Work to complete
Each line below has to be set down again exactly.

--- Extracted material ---

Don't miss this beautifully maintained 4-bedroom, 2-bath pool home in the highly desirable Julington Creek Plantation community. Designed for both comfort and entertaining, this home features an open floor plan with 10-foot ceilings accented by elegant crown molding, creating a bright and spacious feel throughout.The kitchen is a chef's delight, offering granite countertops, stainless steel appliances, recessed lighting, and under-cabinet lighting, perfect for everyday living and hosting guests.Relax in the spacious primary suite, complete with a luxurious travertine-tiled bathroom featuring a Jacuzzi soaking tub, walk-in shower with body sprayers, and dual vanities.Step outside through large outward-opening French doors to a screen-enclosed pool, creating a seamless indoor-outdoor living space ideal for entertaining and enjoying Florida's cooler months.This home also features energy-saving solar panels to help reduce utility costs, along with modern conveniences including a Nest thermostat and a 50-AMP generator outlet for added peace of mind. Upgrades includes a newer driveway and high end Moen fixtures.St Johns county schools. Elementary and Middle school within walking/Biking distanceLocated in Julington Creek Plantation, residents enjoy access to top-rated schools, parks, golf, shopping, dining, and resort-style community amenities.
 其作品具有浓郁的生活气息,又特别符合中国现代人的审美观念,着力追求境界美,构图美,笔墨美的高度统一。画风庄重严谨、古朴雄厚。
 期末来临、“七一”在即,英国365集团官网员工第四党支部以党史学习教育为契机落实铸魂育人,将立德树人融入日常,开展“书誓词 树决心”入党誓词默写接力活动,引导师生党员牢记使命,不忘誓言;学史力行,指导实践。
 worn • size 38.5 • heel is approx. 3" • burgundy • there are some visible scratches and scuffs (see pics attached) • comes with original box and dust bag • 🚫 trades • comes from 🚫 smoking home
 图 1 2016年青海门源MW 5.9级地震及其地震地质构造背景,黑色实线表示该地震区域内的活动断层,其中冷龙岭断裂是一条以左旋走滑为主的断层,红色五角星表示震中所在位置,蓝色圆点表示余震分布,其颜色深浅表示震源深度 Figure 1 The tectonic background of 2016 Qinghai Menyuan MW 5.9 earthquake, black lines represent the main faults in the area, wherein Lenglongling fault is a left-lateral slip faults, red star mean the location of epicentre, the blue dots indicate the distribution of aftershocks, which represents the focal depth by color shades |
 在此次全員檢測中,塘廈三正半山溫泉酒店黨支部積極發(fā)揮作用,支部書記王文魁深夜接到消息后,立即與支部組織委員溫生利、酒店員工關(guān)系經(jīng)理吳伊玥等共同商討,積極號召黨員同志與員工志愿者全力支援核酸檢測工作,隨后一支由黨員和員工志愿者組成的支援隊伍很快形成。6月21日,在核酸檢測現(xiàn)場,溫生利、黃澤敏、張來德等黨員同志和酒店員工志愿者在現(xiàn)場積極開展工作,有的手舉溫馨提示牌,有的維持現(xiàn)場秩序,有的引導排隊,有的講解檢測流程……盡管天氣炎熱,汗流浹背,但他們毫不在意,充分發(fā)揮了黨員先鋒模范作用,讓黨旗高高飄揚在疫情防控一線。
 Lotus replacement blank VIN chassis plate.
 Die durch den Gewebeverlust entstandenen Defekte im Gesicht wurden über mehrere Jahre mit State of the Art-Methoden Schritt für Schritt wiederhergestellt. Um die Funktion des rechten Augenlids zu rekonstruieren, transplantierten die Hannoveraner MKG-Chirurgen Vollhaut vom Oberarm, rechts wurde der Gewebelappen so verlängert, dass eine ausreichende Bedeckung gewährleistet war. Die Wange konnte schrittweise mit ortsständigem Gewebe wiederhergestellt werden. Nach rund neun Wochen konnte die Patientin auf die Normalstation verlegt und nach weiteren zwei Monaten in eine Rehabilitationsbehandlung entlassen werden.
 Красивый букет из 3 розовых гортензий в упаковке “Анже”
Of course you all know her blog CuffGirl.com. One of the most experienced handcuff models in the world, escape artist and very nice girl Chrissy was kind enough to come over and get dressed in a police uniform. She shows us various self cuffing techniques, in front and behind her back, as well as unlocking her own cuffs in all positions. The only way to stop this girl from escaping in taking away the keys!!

---

Solution to this task
Don't miss this beautifully maintained 4-bedroom, 2-bath pool home in the highly desirable Julington Creek Plantation community. Designed for both comfort and entertaining, this home features an open floor plan with 10-foot ceilings accented by elegant crown molding, creating a bright and spacious feel throughout.The kitchen is a chef's delight, offering granite countertops, stainless steel appliances, recessed lighting, and under-cabinet lighting, perfect for everyday living and hosting guests.Relax in the spacious primary suite, complete with a luxurious travertine-tiled bathroom featuring a Jacuzzi soaking tub, walk-in shower with body sprayers, and dual vanities.Step outside through large outward-opening French doors to a screen-enclosed pool, creating a seamless indoor-outdoor living space ideal for entertaining and enjoying Florida's cooler months.This home also features energy-saving solar panels to help reduce utility costs, along with modern conveniences including a Nest thermostat and a 50-AMP generator outlet for added peace of mind. Upgrades includes a newer driveway and high end Moen fixtures.St Johns county schools. Elementary and Middle school within walking/Biking distanceLocated in Julington Creek Plantation, residents enjoy access to top-rated schools, parks, golf, shopping, dining, and resort-style community amenities.
 其作品具有浓郁的生活气息,又特别符合中国现代人的审美观念,着力追求境界美,构图美,笔墨美的高度统一。画风庄重严谨、古朴雄厚。
 期末来临、“七一”在即,英国365集团官网员工第四党支部以党史学习教育为契机落实铸魂育人,将立德树人融入日常,开展“书誓词 树决心”入党誓词默写接力活动,引导师生党员牢记使命,不忘誓言;学史力行,指导实践。
 worn • size 38.5 • heel is approx. 3" • burgundy • there are some visible scratches and scuffs (see pics attached) • comes with original box and dust bag • 🚫 trades • comes from 🚫 smoking home
 图 1 2016年青海门源MW 5.9级地震及其地震地质构造背景,黑色实线表示该地震区域内的活动断层,其中冷龙岭断裂是一条以左旋走滑为主的断层,红色五角星表示震中所在位置,蓝色圆点表示余震分布,其颜色深浅表示震源深度 Figure 1 The tectonic background of 2016 Qinghai Menyuan MW 5.9 earthquake, black lines represent the main faults in the area, wherein Lenglongling fault is a left-lateral slip faults, red star mean the location of epicentre, the blue dots indicate the distribution of aftershocks, which represents the focal depth by color shades |
 在此次全員檢測中,塘廈三正半山溫泉酒店黨支部積極發(fā)揮作用,支部書記王文魁深夜接到消息后,立即與支部組織委員溫生利、酒店員工關(guān)系經(jīng)理吳伊玥等共同商討,積極號召黨員同志與員工志愿者全力支援核酸檢測工作,隨后一支由黨員和員工志愿者組成的支援隊伍很快形成。6月21日,在核酸檢測現(xiàn)場,溫生利、黃澤敏、張來德等黨員同志和酒店員工志愿者在現(xiàn)場積極開展工作,有的手舉溫馨提示牌,有的維持現(xiàn)場秩序,有的引導排隊,有的講解檢測流程……盡管天氣炎熱,汗流浹背,但他們毫不在意,充分發(fā)揮了黨員先鋒模范作用,讓黨旗高高飄揚在疫情防控一線。
 Lotus replacement blank VIN chassis plate.
 Die durch den Gewebeverlust entstandenen Defekte im Gesicht wurden über mehrere Jahre mit State of the Art-Methoden Schritt für Schritt wiederhergestellt. Um die Funktion des rechten Augenlids zu rekonstruieren, transplantierten die Hannoveraner MKG-Chirurgen Vollhaut vom Oberarm, rechts wurde der Gewebelappen so verlängert, dass eine ausreichende Bedeckung gewährleistet war. Die Wange konnte schrittweise mit ortsständigem Gewebe wiederhergestellt werden. Nach rund neun Wochen konnte die Patientin auf die Normalstation verlegt und nach weiteren zwei Monaten in eine Rehabilitationsbehandlung entlassen werden.
 Красивый букет из 3 розовых гортензий в упаковке “Анже”
Of course you all know her blog CuffGirl.com. One of the most experienced handcuff models in the world, escape artist and very nice girl Chrissy was kind enough to come over and get dressed in a police uniform. She shows us various self cuffing techniques, in front and behind her back, as well as unlocking her own cuffs in all positions. The only way to stop this girl from escaping in taking away the keys!!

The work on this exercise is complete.